What I wanna do this time while following politics though is have 3 sources to check daily: one unbiased, neutral news site, a liberal news site and a conservative news site. I think it'd be interested to see the daily news through three different perspectives, and it would just make the news more interesting for myself as well.
So with that said, if anyone could recommend me any excellent unbiased, liberal or conservative news sites that actually all consist of facts and statistics and aren't just tabloids, it would be very appreciated. Thank you all
Google. Usually biased/racist sources are easy to spot. Wikipedia is also a good source. I tend to not follow news stations, Firefox has this "Latest Headlines" button i use to look at the lesser known stories.
But in terms of trying to understand someone like say Osama Bin Laden, it's best to read their messages directly to get the most unbiased perspective. That's what I did with Karl Marx and OBL and really I've grown to try to understand rather then to immediately hate.
"If you don't mind smelling like peanut butter for two or three days, peanut butter is darn good shaving cream.
" - Barry Goldwater.
Yahoo front page is my main news source. The articles are about as deep as a rainy day puddle, but they tend to be fairly flat when it comes to bias... well, usually.
Other than that I use a strong ability to glean and the occasional google search to find the news. It kind of boggles me to see a couple recent posts asking where to get the news as if it was hard to find. It really is everywhere.

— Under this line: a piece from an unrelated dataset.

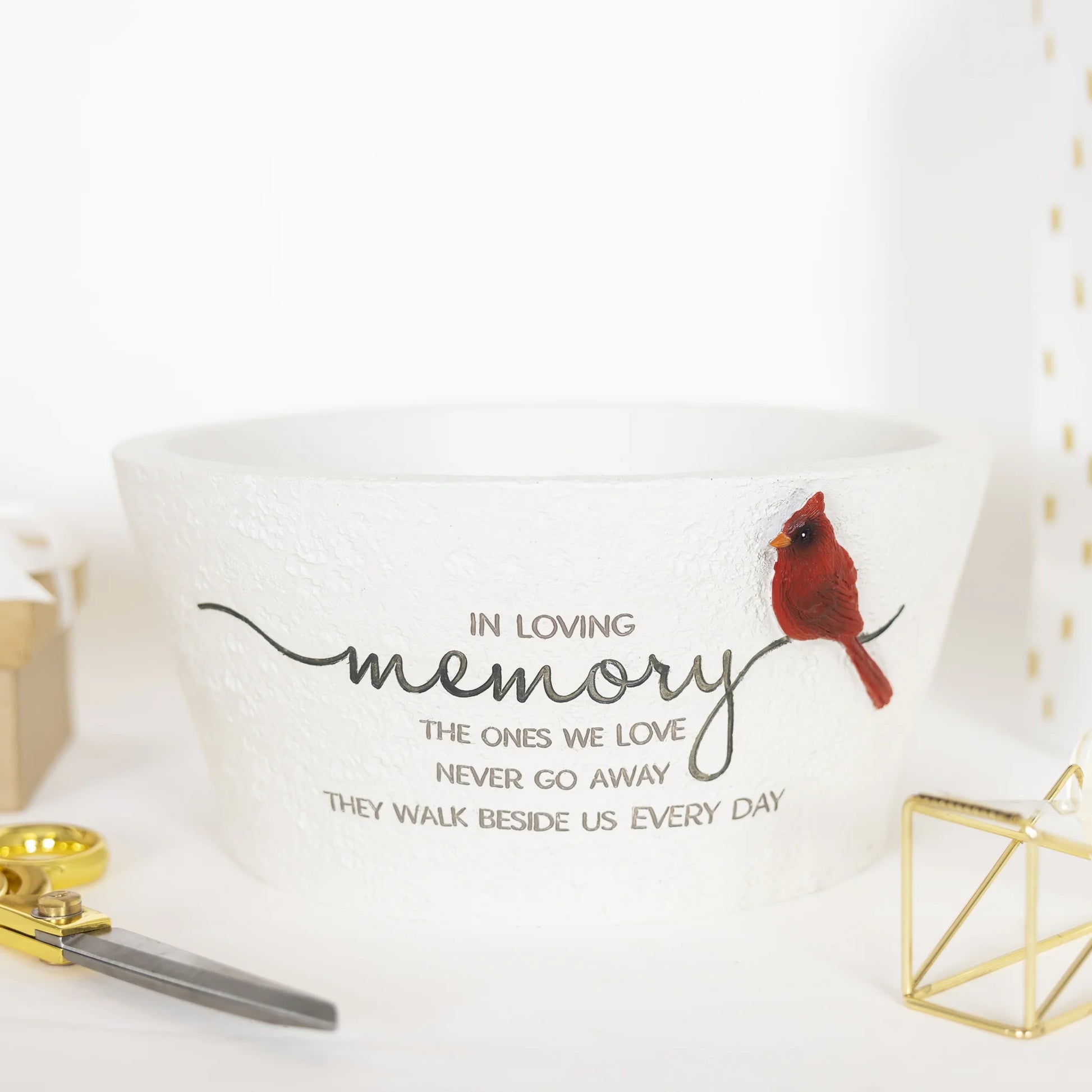 - IN-HOUSE DESIGN: The frontside of our 9.5" long and 4.5" tall resin memorial planter features a heartfelt sentiment debossed in dark gray: "In Loving Memory: The Ones We Love Never Go Away They Walk Beside Us Every Day." Adding a touch of symbolism and beauty, a beautiful handpainted red cardinal is embossed on the branch of the "y", with intricate details and shadowing. The cardinal is often seen as a spiritual messenger, symbolizing a connection to loved ones in heaven, making this planter a meaningful and comforting tribute.
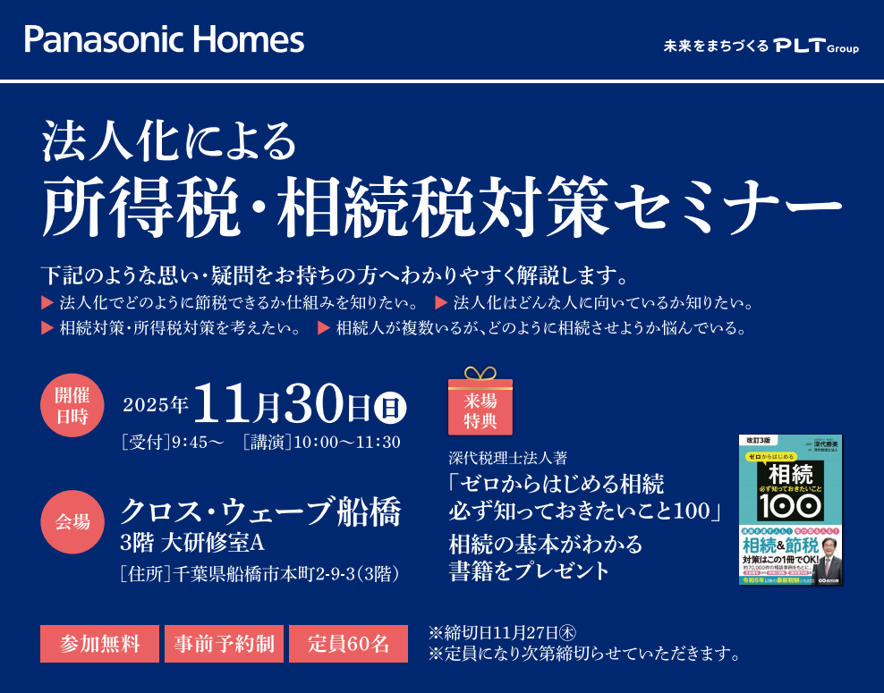 🔹🔷法人化による所得税・相続税対策セミナー開催🔷🔹

I also find that it is easy to throw away any bias if you identify and acknowledge it quickly.
not a news site per se, but rather just articles about recent events and so forth: mises.org
its very 'biased', though they're both anti-liberal and anti-conservative on most things, so that can help mix things up a bit for you I guess, give you a broader perspective
For Economics, I read Krugman, Mankiw, Freakonomics, Marginal Revolution , I follow the Economist on twitter, and I read several other blogs in Spanish.
Oddly enough, the Esquire has a nice Politics blog.
The outstanding faults of the economic society in which we live are its failure to provide for full employment and its arbitrary and inequitable distribution of wealth -- JMK
At 5/21/11 12:46 PM, Der-Lowe wrote: For Economics, I read Krugman,
lol he contradicts himself from article to article
"the banks have been too imprudent with their loaning and caused a crisis, we need more regulation!"
"The banks are greedy and too strict with their lending criteria and won't lend to minorites and poor people so that they stay poor!"
Freakonomics
The daytime television of economics
if you're just looking for political news, politico and realclearpolitics are probably all you'll need. RCP is an aggregator, so you'll get pretty much the most diverse selection you can get from the mainstream news. (ignore everything on the Washington Post, NY Times, and WSJ though; they're all idiots, especially WaPo)
you should also read vdare, especially if you're in america; they claim to be just about immigration, but they cover a lot of news that, for obvious reasons, nobody else would touch with a ten-foot pole. and before anyone goes where I know someone's going to go, the SPLC is a scam and Morris Dees is a failed spammer who built a multi-million-dollar career out of scaring liberals, so they can all go fuck themselves with a rusty swastika. Jared Taylor is still an idiot though, and he sounds like a gay William Shatner trying to play that one Looney Tunes chicken, Lockjaw Slackdick or whatever
you'll probably also want to read alternet or something, although most of their opinion pieces have more gaping holes than a pack of japanese schoolgirls. hell, most mainstream partisan sites tend to link to a lot of news stories that'd get buried otherwise.
At 5/20/11 11:53 PM, Warforger wrote: I tend to not follow news stations, Firefox has this "Latest Headlines" button i use to look at the lesser known stories.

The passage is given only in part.